Apple Still Tops List of Most Innovative Companies - dsr12
http://www.wired.com/gadgetlab/2012/11/apple-most-innovative/

======
jpxxx
Oy, another tedious industry beauty contest to see who has the most Charisma,
Uniqueness, Nerve, and Talent.

But! If we have to award another medal to the most popular kid in school,
let's do it right.
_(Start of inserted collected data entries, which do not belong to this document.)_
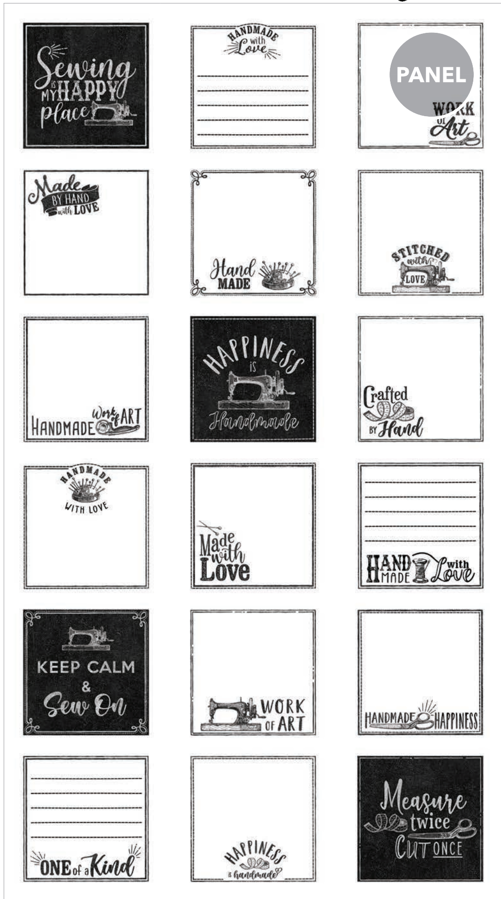
24218-10 | Label Panel | White/Black
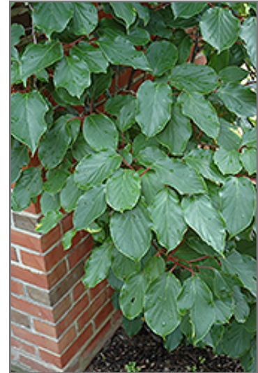
Weiki Hardy Kiwi foliage
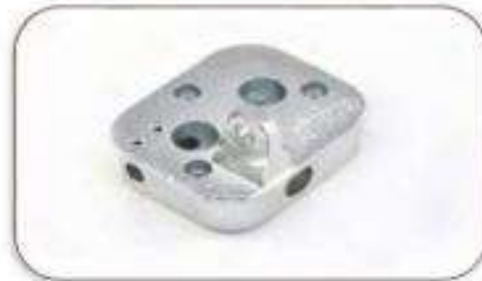
FRONT & REAR COVERS
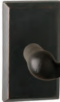
909G-1 Handed (US10B, USD10B, US15, USD15A) Function Passage/Privacy $154 Half Dummy $77
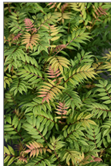
Mr. Mustard False Spirea foliage
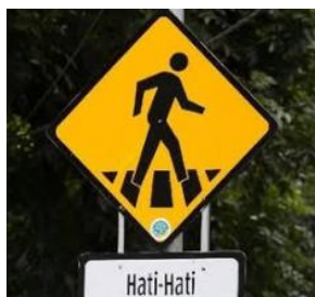
Figure 3 Jl.Imam Bonjol

This sign was categorized as a warning due to the yellow background. Based on Department for transport (2007) said yellow background is a warning sign. The black color on the man's symbol means a pedestrian crossing sign. Entirely, the symbol means a warning sign used to urge drivers to be cautious when traveling through the region, because someone is crossing a zebra.
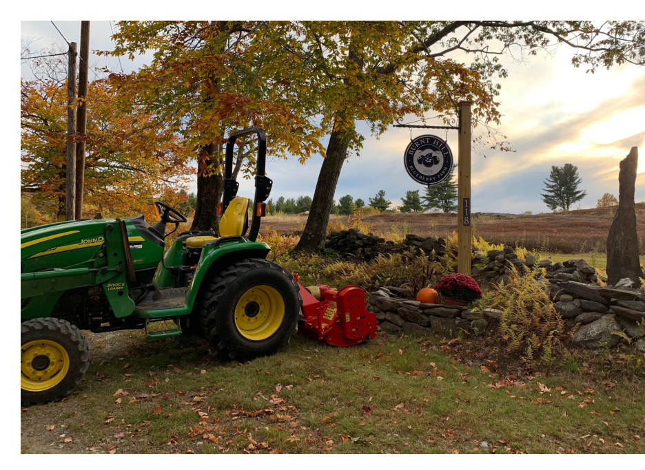
Mechanical Harvester (2019 Award) Burnt Hill Blueberry Farm
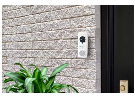
DB7 angle mount bracket
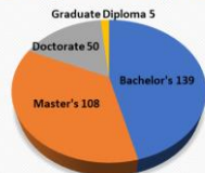
302 Programs of Study in 2024

■ Bachelor's 139 ■ Master's 108 ■ Doctorate 50 ■ Graduate Diploma 5
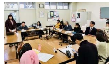
〈Final presentation of incoming exchange students〉

CAMPUS Asia Program of this project consists of short-term training, exchange program and Double Degree Program (DDP). TGU, BNU and SNU advanced consideration for implementing DDP referring the precedents of Japan and overseas, while 3 schools repeatedly discussed about education organization, curriculum, credit recognition and exchange, and degree-granting policy. The overview of CAMPUS Asia Program and students' opinions are publicly available on the website and brochures. It shows that the quality is guaranteed properly inside the program.
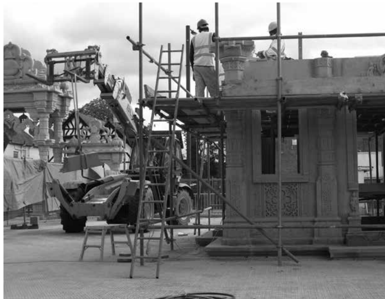
9 Construction of the Shiva shrine at the Sanatan Hindu Mandir, Wembley, London, 2011.

Articles in this issue of arq indicate potential avenues for further research by architects and architectural historians directed towards the study of the relations
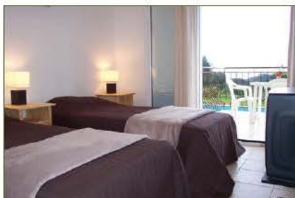
Ground floor twin bedroom
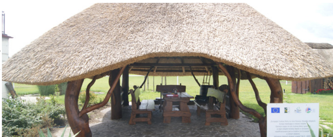
Garden gazebo in Janiszew in the Poniec commune in the Gostyń district.

Source: Marshal Office of the Wielkopolska Region, archive.
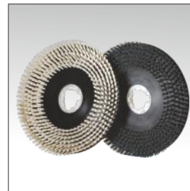
Variety of brushes to suit different applications.
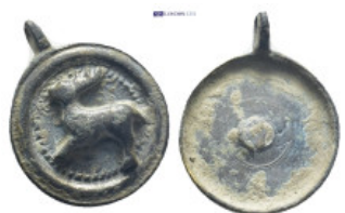
758 Bronze pendant with stag figure. (19mm, 2.8 g)
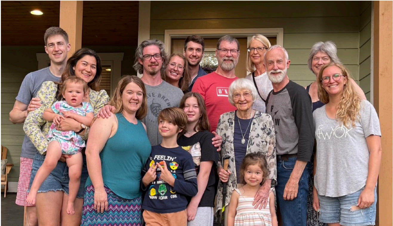
The whole family together at our summer airbnb.
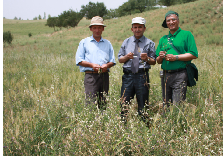
Cultivated Oats. Khatlon, Tajikistan

The demonstration sites also served as a focal point for teaching local farmers and NGO representatives about the benefits of planting forage crops and shrubs as both livestock forage and household fuel. The sites will help us to develop more comprehensive training programs, in both Tajik and Russian, to communicate with more local stakeholders about good livestock management and agricultural practices, including seeding pasture land with forage crops and seasonal pasture rotation.

I am impressed that in the space of a decade Apple has been
able to:

\-- Maintain world class hardware design across their entire lineup

\-- Achieve a substantial and successful global retail presence

\-- Write a world class desktop OS and guide it through two major architecture
changes

\-- Write a world class mobile OS and scale it through a 10x performance
increase

\-- Own the browser space

\-- Build a full mapping stack

\-- Build a partial advertisement stack

\-- Own digital audio players

\-- Popularize two major new forms of user interface

\-- Birth a major new form of user experience

\-- Become a major player in digital media sales and rental

\-- Permanently entrench themselves in ~The Enterprise~ without selling any
~Enterprise Solutions~ at all

\-- Tangle with mobile carriers and come out alive

\-- Tangle with the Korean chaebols and come out alive

\-- Tangle with Microsoft and come out alive

And all this while still shipping the only trackpads in the entire industry
that actually work. Kudos, Apple! You're still the prettiest girl at the party
with the most cake.